- Problem
Write out exactly the lines below starting at the one containing "本网讯  在建党百年之际,探" and ending at the one containing "The stylish, engineered". Omit every picture.

- Record set
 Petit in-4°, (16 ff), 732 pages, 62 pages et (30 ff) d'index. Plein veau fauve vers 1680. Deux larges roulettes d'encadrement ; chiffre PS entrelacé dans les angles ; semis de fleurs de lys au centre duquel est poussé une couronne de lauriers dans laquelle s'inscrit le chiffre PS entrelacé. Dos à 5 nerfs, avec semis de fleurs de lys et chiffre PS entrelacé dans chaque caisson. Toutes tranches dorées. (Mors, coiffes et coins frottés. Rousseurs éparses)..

* * *

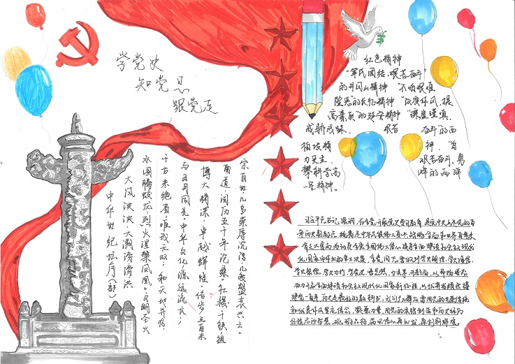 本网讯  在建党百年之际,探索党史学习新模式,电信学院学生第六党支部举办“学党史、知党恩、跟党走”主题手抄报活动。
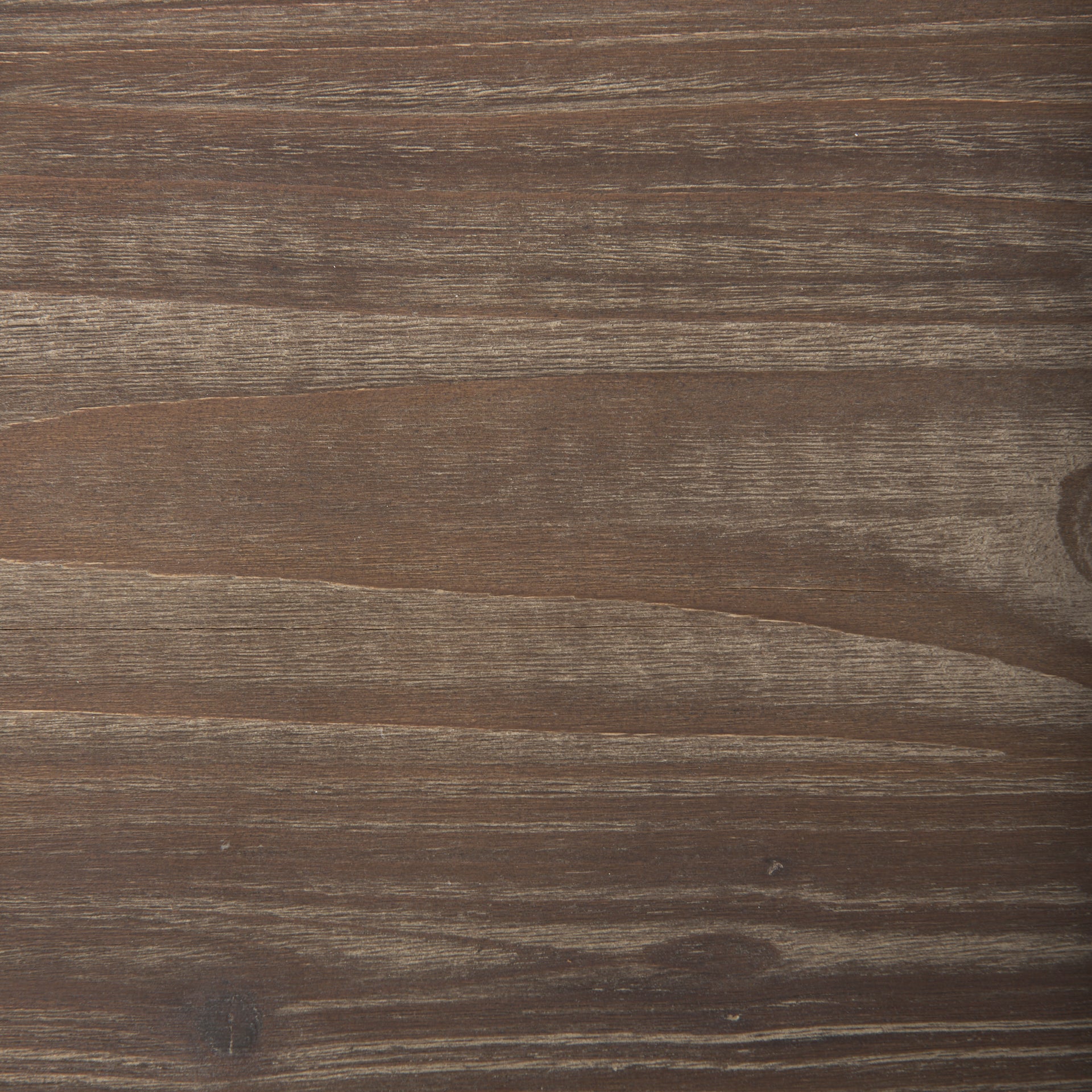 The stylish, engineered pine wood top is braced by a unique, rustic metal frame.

- Your response
 本网讯  在建党百年之际,探索党史学习新模式,电信学院学生第六党支部举办“学党史、知党恩、跟党走”主题手抄报活动。
 The stylish, engineered pine wood top is braced by a unique, rustic metal frame.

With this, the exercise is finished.